*What to produce*: For this exercise, copy all the data exactly and include none of the pictures.

*Raw data*:
________________________________________

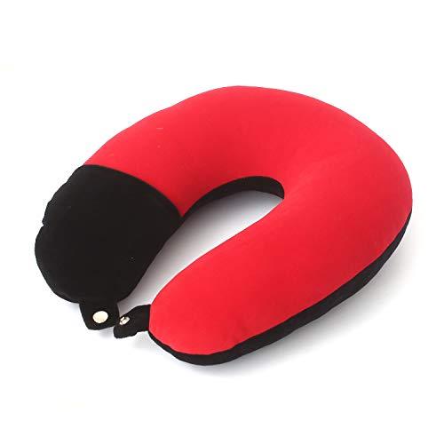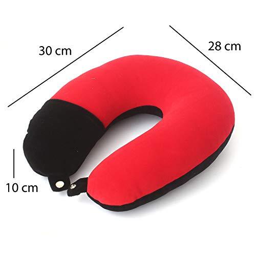 WebelKart U-Shaped Neck Pillow - 12" x 12" (Red and Black) Soft Foam Neck Travel Pillow for Car, Train, Flight, Bus
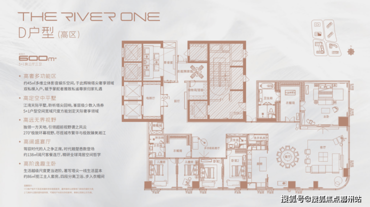 D户型(高区)约600㎡(5+1房3厅3卫)
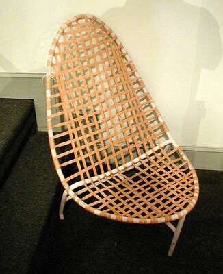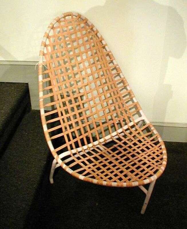 With pink metal tubular frame and plastic woven seat, h: 41 in.

________________________________________

*Reply*:
 WebelKart U-Shaped Neck Pillow - 12" x 12" (Red and Black) Soft Foam Neck Travel Pillow for Car, Train, Flight, Bus
 D户型(高区)约600㎡(5+1房3厅3卫)
 With pink metal tubular frame and plastic woven seat, h: 41 in.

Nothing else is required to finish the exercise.